* EXTRACTED MATERIAL:

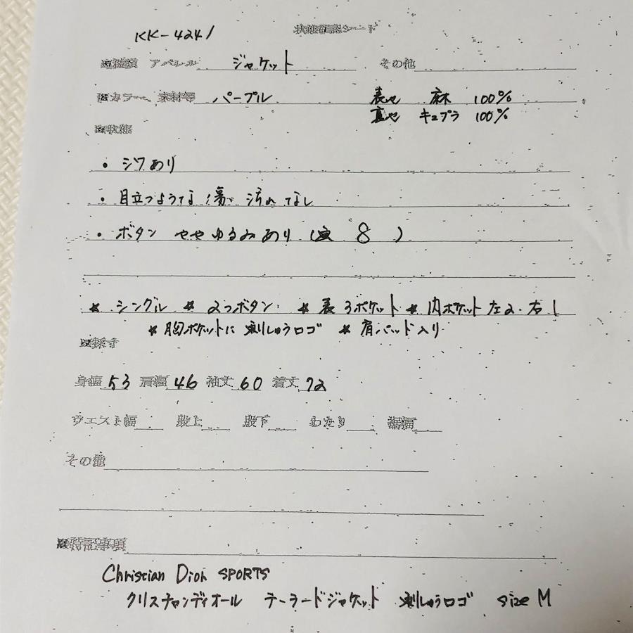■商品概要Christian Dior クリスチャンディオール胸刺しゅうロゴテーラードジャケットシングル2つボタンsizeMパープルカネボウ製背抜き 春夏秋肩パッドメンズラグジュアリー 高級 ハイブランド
==
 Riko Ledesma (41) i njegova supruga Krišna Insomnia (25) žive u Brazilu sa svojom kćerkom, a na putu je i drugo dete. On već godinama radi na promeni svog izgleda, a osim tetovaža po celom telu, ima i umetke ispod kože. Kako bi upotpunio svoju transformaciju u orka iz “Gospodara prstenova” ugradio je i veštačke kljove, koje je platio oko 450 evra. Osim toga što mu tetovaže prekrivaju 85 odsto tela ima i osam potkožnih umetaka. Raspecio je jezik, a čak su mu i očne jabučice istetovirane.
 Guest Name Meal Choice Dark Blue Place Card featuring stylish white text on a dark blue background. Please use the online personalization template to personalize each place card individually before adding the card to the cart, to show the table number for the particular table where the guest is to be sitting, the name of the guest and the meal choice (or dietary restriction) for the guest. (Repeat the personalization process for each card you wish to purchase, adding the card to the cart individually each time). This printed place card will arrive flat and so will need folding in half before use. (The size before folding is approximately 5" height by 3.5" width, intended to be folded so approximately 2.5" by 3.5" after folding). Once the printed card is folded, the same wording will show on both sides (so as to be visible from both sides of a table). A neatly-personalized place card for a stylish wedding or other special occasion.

* WHAT TO WORK ON:
From the material above, copy exactly the lines between the line holding "Riko Ledesma (41)" and the line holding "Guest Name Meal", inclusive, and only those.

* ANSWER:
 Riko Ledesma (41) i njegova supruga Krišna Insomnia (25) žive u Brazilu sa svojom kćerkom, a na putu je i drugo dete. On već godinama radi na promeni svog izgleda, a osim tetovaža po celom telu, ima i umetke ispod kože. Kako bi upotpunio svoju transformaciju u orka iz “Gospodara prstenova” ugradio je i veštačke kljove, koje je platio oko 450 evra. Osim toga što mu tetovaže prekrivaju 85 odsto tela ima i osam potkožnih umetaka. Raspecio je jezik, a čak su mu i očne jabučice istetovirane.
 Guest Name Meal Choice Dark Blue Place Card featuring stylish white text on a dark blue background. Please use the online personalization template to personalize each place card individually before adding the card to the cart, to show the table number for the particular table where the guest is to be sitting, the name of the guest and the meal choice (or dietary restriction) for the guest. (Repeat the personalization process for each card you wish to purchase, adding the card to the cart individually each time). This printed place card will arrive flat and so will need folding in half before use. (The size before folding is approximately 5" height by 3.5" width, intended to be folded so approximately 2.5" by 3.5" after folding). Once the printed card is folded, the same wording will show on both sides (so as to be visible from both sides of a table). A neatly-personalized place card for a stylish wedding or other special occasion.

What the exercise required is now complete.